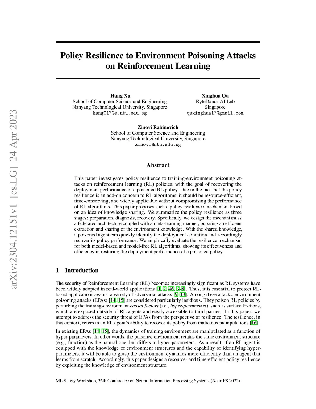 This paper investigates policy resilience to training-environment poisoning attacks on reinforcement learning (RL) policies, with the goal of recovering the deployment performance of a poisoned RL policy. Due to the fact that the policy resilience is an add-on concern to RL algorithms, it should be resource-efficient, time-conserving, and widely applicable without compromising the performance of RL algorithms. This paper proposes such a policy-resilience mechanism based on an idea of knowledge sharing. We summarize the policy resilience as three stages: preparation, diagnosis, recovery. Specifically, we design the mechanism as a federated architecture coupled with a meta-learning manner, pursuing an efficient extraction and sharing of the environment knowledge. With the shared knowledge, a poisoned agent can quickly identify the deployment condition and accordingly recover its policy performance. We empirically evaluate the resilience mechanism for both model-based and model-free RL algorithms, showing its effectiveness and efficiency in restoring the deployment performance of a poisoned policy.
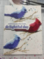 I started with Canson Watercolor paper and stamped a total of 4 cardinals from the Winter Cardinal Stamp and Die Bundle (see tips to see how you can do this quickly and easily). I then die cut all the cardinals and branches. I cut a piece of 8 ½ x 11 Solar White cardstock in half to make my card base. I then cut a piece of Canson watercolor paper to 4 ¼ x 5 ½ to fit the front of my card base. I used Altenew’s watercolor brush to add splatters to my panel by adding a smoosh of ink to my glass mat and adding water, then used a flicking motion to add the splatters. While that was drying, I colored the branches with OLO Markers to give some depth and dimension. Once the panel was dry, I used Bearly Art glue to glue the branches to the panel. I used foam adhesive to add dimension to the cardinals and popped one on each branch. I only ended up using 3 of the 4 I die cut, but you can never have enough die cuts. 😊 I then stamped and die cut the sentiment from Delightful Day stamp and die bundle and popped that up on foam tape as well. I then glued the panel onto my base and added the Glossy Accents to the eyes of the cardinals and some iridescent gems for some sparkle.
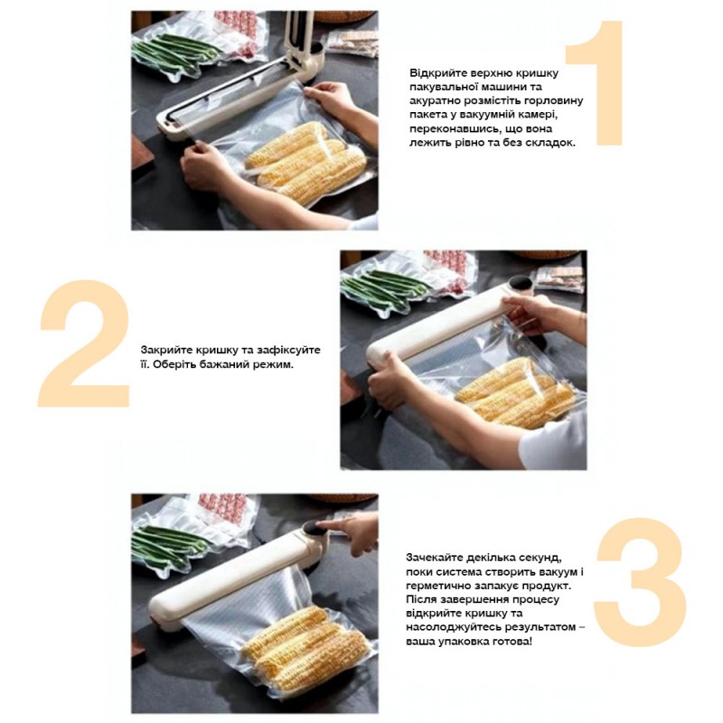 Просто підключіть пристрій до джерела живлення, помістіть продукт у вакуумний пакет і активуйте машину для створення вакууму.
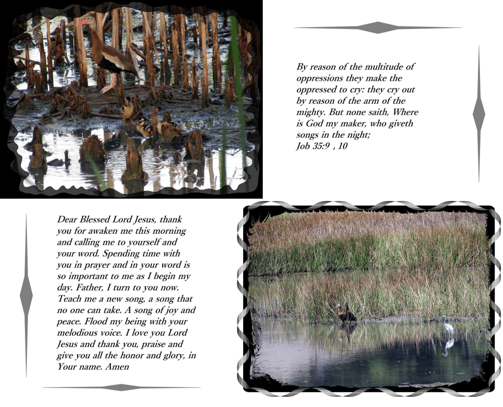 Dear Blessed Lord Jesus, thank you for awaken me this morning and calling me to yourself and your word. Spending time with you in prayer and in your word is so important to me as I begin my day. Father, I turn to you now. Teach me a new song, a song that no one can take. A song of joy and peace. Flood my being with your melodious voice. I love you Lord Jesus and thank you, praise and give you all the honor and glory, in Your name. Amen.
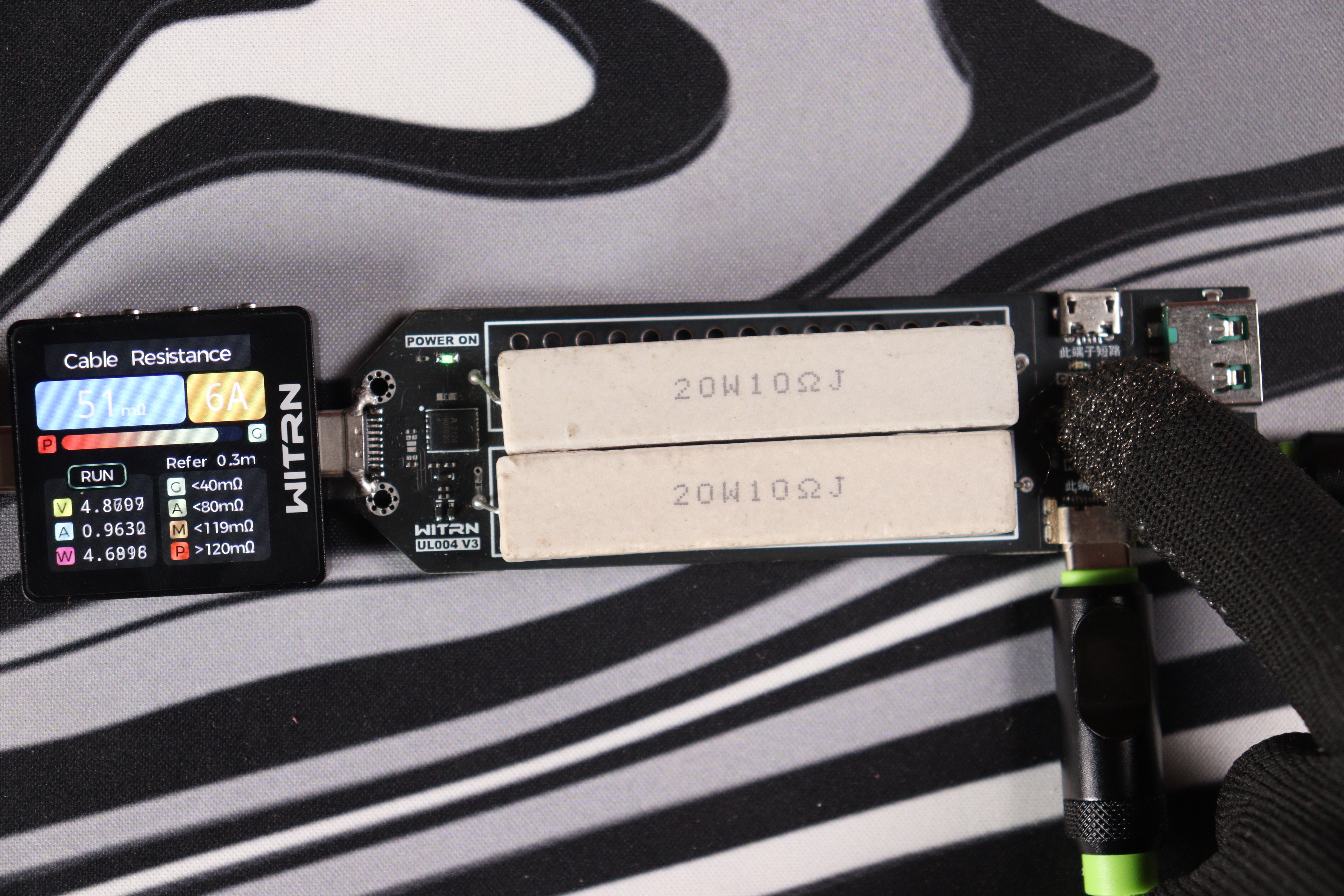 Тестирование внутреннего сопротивления выявило хорошие показатели — всего 51 миллиом. Подобные параметры обеспечивают незначительные энергопотери в процессе использования кабеля.
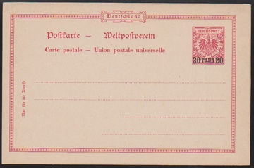 Ganzsachenkarte 20 Para a. 10 Pfg. tadellos ungebraucht, Fotoexp. Jäschke-L. Mi. 240,-
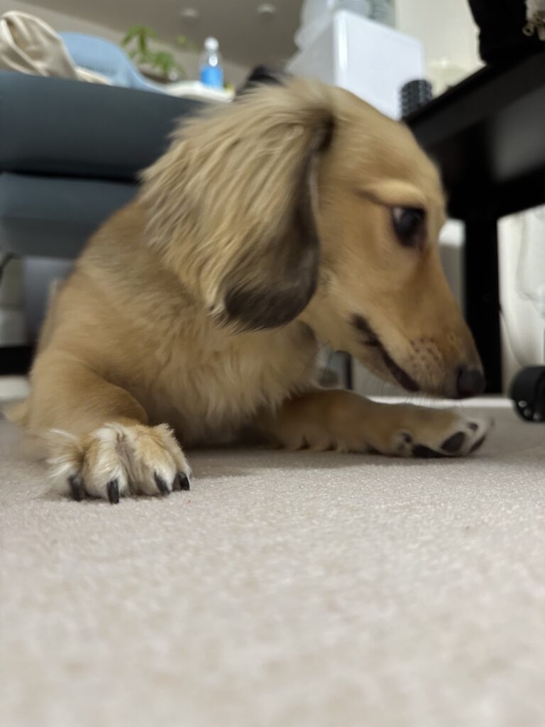 ミニチュアダックスは胴が長く、ヘルニアになりやすい犬種なので、できるだけ腰に負担がかからない生活が必要と思いました。
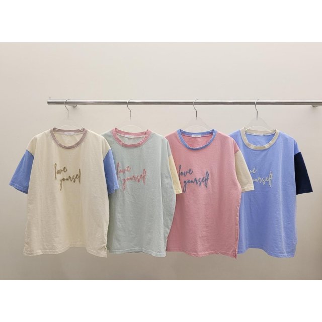 Powder 新款🍄刺繡英文字拼色Cotton Tee P1 W46”L25”
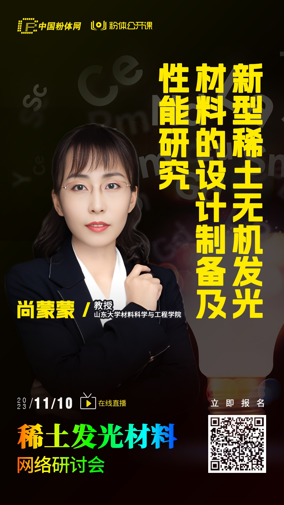 中國粉體網訊  稀土發光材料是稀土資源髙值化的重要應用領域,其具有多種顏色、高亮度、高效率、長壽命等優點,在光電子、生物醫藥、環境保護等領域都得到了廣泛應用。為進一步探索稀土發光材料新的制備方法,開拓稀土發光材料的新應用,粉體公開課特舉辦稀土發光材料網絡研討會,給大家提供一個線上交流學習的平臺。
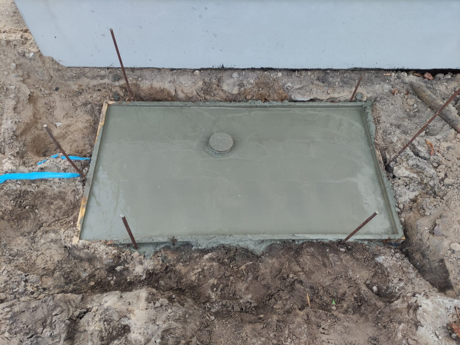 Frisch gegossene Betonplatte in Grube mit zentralem Rohrdeckel und Bewehrung.
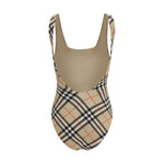 Burberry’s One Piece Swimsuit is an elegant and iconic design embellished with an all-over Archivio Check pattern. It features a straight neckline, thin straps and a deep back neckline for a feminine and refined silhouette, perfect for timeless style even at the beach.
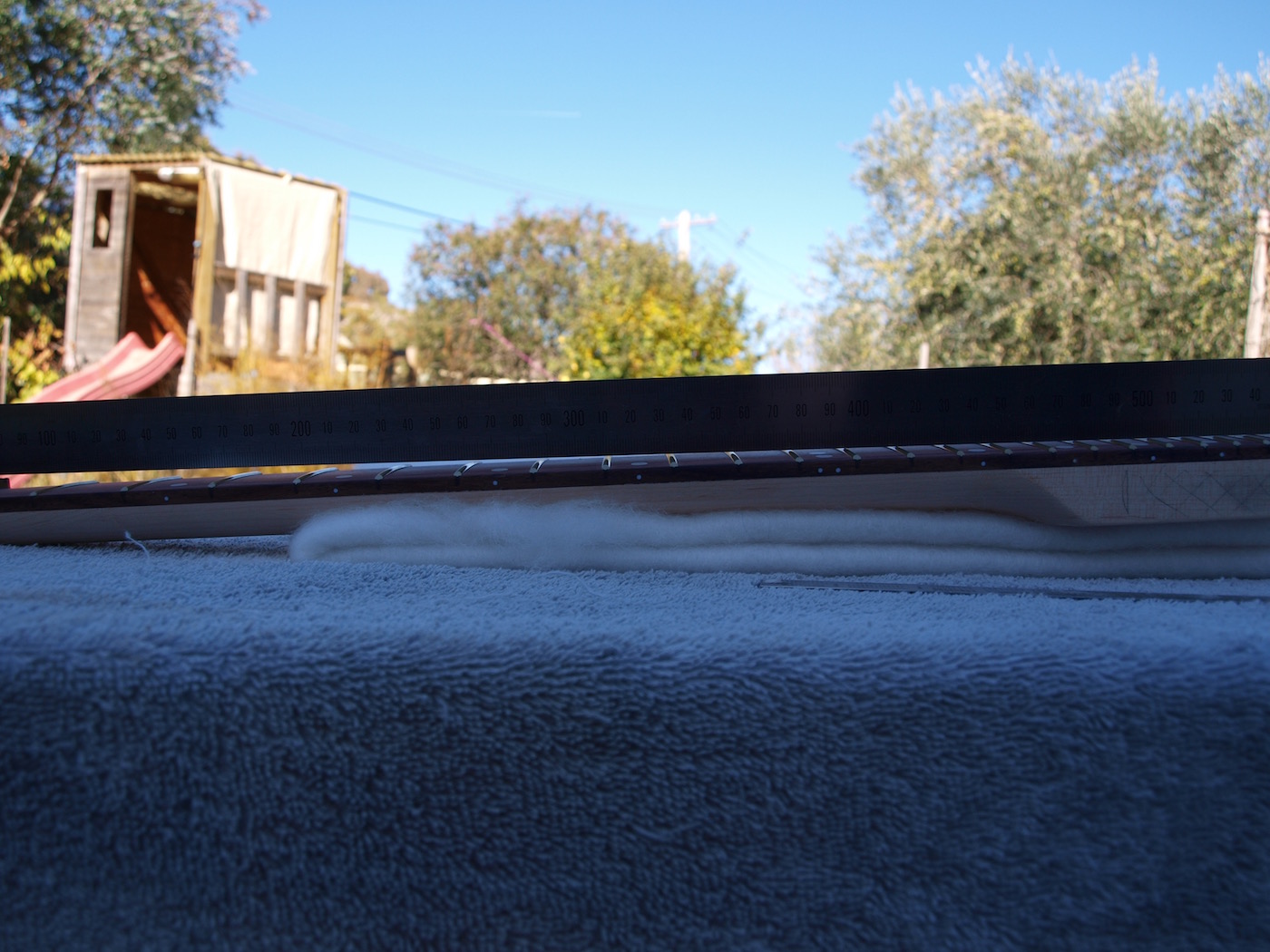 And 'problem' 2 for the neck. I was checking the frets for level, and the whole neck seems to have quite a pronounced back bend. I know this will change once there are strings on it, pulling it back into level. But should I have the board more level to start with? Is it worth adjusting now, or wait til the strings are on?

_ _ _ _ _ _ _

◆ **Work request**:
Every record above must be printed exactly, except for its images.

◆ **Solution to this task**:
 This paper investigates policy resilience to training-environment poisoning attacks on reinforcement learning (RL) policies, with the goal of recovering the deployment performance of a poisoned RL policy. Due to the fact that the policy resilience is an add-on concern to RL algorithms, it should be resource-efficient, time-conserving, and widely applicable without compromising the performance of RL algorithms. This paper proposes such a policy-resilience mechanism based on an idea of knowledge sharing. We summarize the policy resilience as three stages: preparation, diagnosis, recovery. Specifically, we design the mechanism as a federated architecture coupled with a meta-learning manner, pursuing an efficient extraction and sharing of the environment knowledge. With the shared knowledge, a poisoned agent can quickly identify the deployment condition and accordingly recover its policy performance. We empirically evaluate the resilience mechanism for both model-based and model-free RL algorithms, showing its effectiveness and efficiency in restoring the deployment performance of a poisoned policy.
 I started with Canson Watercolor paper and stamped a total of 4 cardinals from the Winter Cardinal Stamp and Die Bundle (see tips to see how you can do this quickly and easily). I then die cut all the cardinals and branches. I cut a piece of 8 ½ x 11 Solar White cardstock in half to make my card base. I then cut a piece of Canson watercolor paper to 4 ¼ x 5 ½ to fit the front of my card base. I used Altenew’s watercolor brush to add splatters to my panel by adding a smoosh of ink to my glass mat and adding water, then used a flicking motion to add the splatters. While that was drying, I colored the branches with OLO Markers to give some depth and dimension. Once the panel was dry, I used Bearly Art glue to glue the branches to the panel. I used foam adhesive to add dimension to the cardinals and popped one on each branch. I only ended up using 3 of the 4 I die cut, but you can never have enough die cuts. 😊 I then stamped and die cut the sentiment from Delightful Day stamp and die bundle and popped that up on foam tape as well. I then glued the panel onto my base and added the Glossy Accents to the eyes of the cardinals and some iridescent gems for some sparkle.
 Просто підключіть пристрій до джерела живлення, помістіть продукт у вакуумний пакет і активуйте машину для створення вакууму.
 Dear Blessed Lord Jesus, thank you for awaken me this morning and calling me to yourself and your word. Spending time with you in prayer and in your word is so important to me as I begin my day. Father, I turn to you now. Teach me a new song, a song that no one can take. A song of joy and peace. Flood my being with your melodious voice. I love you Lord Jesus and thank you, praise and give you all the honor and glory, in Your name. Amen.
 Тестирование внутреннего сопротивления выявило хорошие показатели — всего 51 миллиом. Подобные параметры обеспечивают незначительные энергопотери в процессе использования кабеля.
 Ganzsachenkarte 20 Para a. 10 Pfg. tadellos ungebraucht, Fotoexp. Jäschke-L. Mi. 240,-
 ミニチュアダックスは胴が長く、ヘルニアになりやすい犬種なので、できるだけ腰に負担がかからない生活が必要と思いました。
 Powder 新款🍄刺繡英文字拼色Cotton Tee P1 W46”L25”
 中國粉體網訊  稀土發光材料是稀土資源髙值化的重要應用領域,其具有多種顏色、高亮度、高效率、長壽命等優點,在光電子、生物醫藥、環境保護等領域都得到了廣泛應用。為進一步探索稀土發光材料新的制備方法,開拓稀土發光材料的新應用,粉體公開課特舉辦稀土發光材料網絡研討會,給大家提供一個線上交流學習的平臺。
 Frisch gegossene Betonplatte in Grube mit zentralem Rohrdeckel und Bewehrung.
 Burberry’s One Piece Swimsuit is an elegant and iconic design embellished with an all-over Archivio Check pattern. It features a straight neckline, thin straps and a deep back neckline for a feminine and refined silhouette, perfect for timeless style even at the beach.
 And 'problem' 2 for the neck. I was checking the frets for level, and the whole neck seems to have quite a pronounced back bend. I know this will change once there are strings on it, pulling it back into level. But should I have the board more level to start with? Is it worth adjusting now, or wait til the strings are on?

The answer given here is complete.